Do not consider that the load is constant but take into account:

  • Daily variations. For a management application with users working during office hours, we typically observe peaks of double the average load at 8-9 a.m., 11-12 a.m. and 2 p.m.-3 p.m. For a consumer Internet application, it will be more at the end of the evening. Again, rely on measurements of similar applications when possible, rather than estimates.
  • The elements of seasonality like Christmas for the chocolate industry, Saturday evening for emergency admissions, June for central booking stays etc. The load can then double or even more.
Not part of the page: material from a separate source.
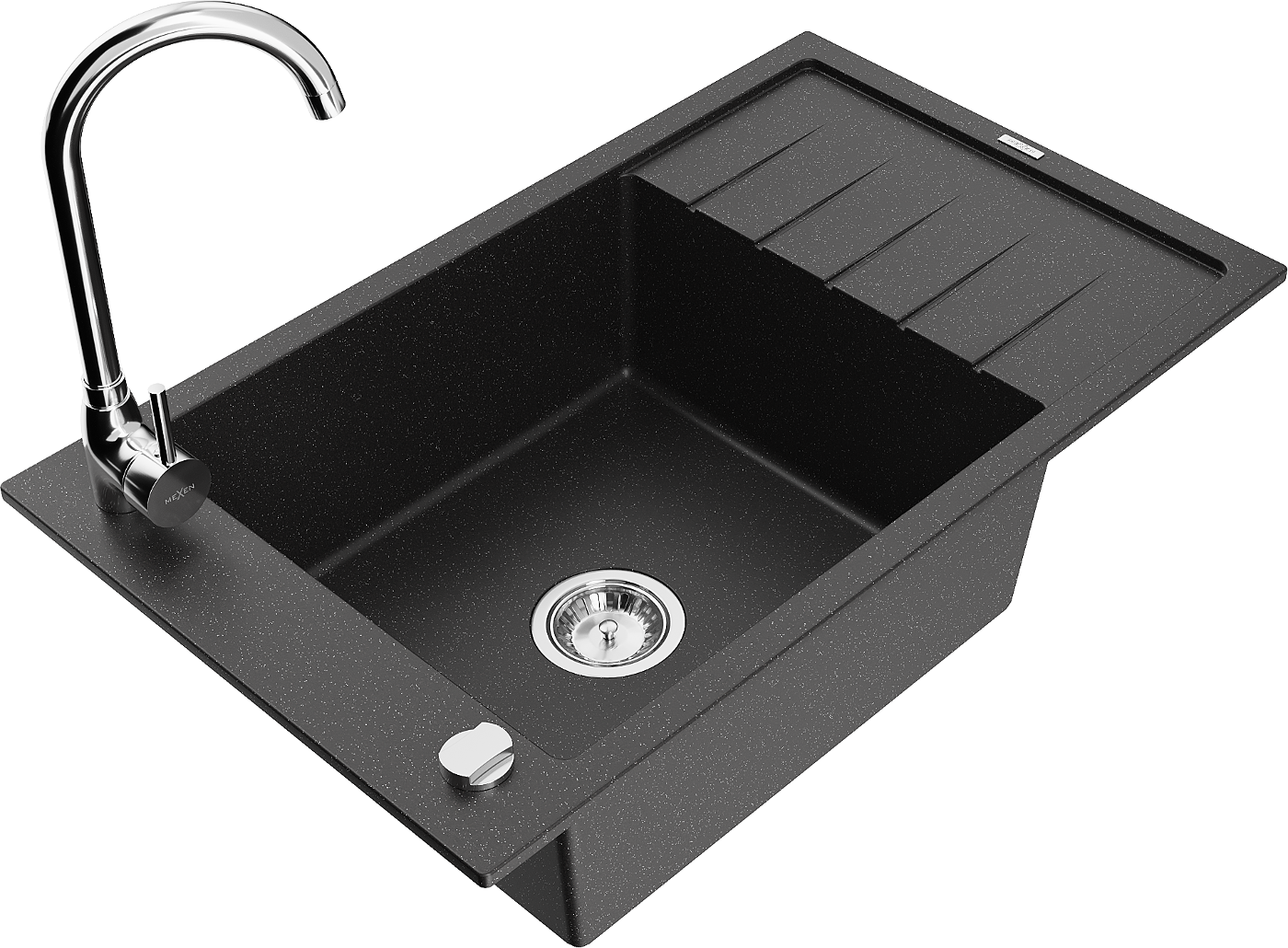 Mexen Elias zlewozmywak granitowy 1-komorowy z ociekaczem i baterią kuchenną Telma, czarny/srebrny - 6511-73-670200-00

This estimate should therefore not be neglected.

If the calculation of the peak for a component at the end of the linking chain is complex (for example, a central IS service exposing referential data and called by many components which each have their own peak), cut the day into time intervals sufficiently small (one hour for example) and the measured or estimated sum of the calls of each caller (batch or GUI) will be calculated over each interval to thus determine the highest cumulative demand.

If the application runs on a PaaS type cloud, the load will be absorbed dynamically, but take care to estimate the additional cost and to set consistent consumption limits to respect the budget while ensuring a good level of service.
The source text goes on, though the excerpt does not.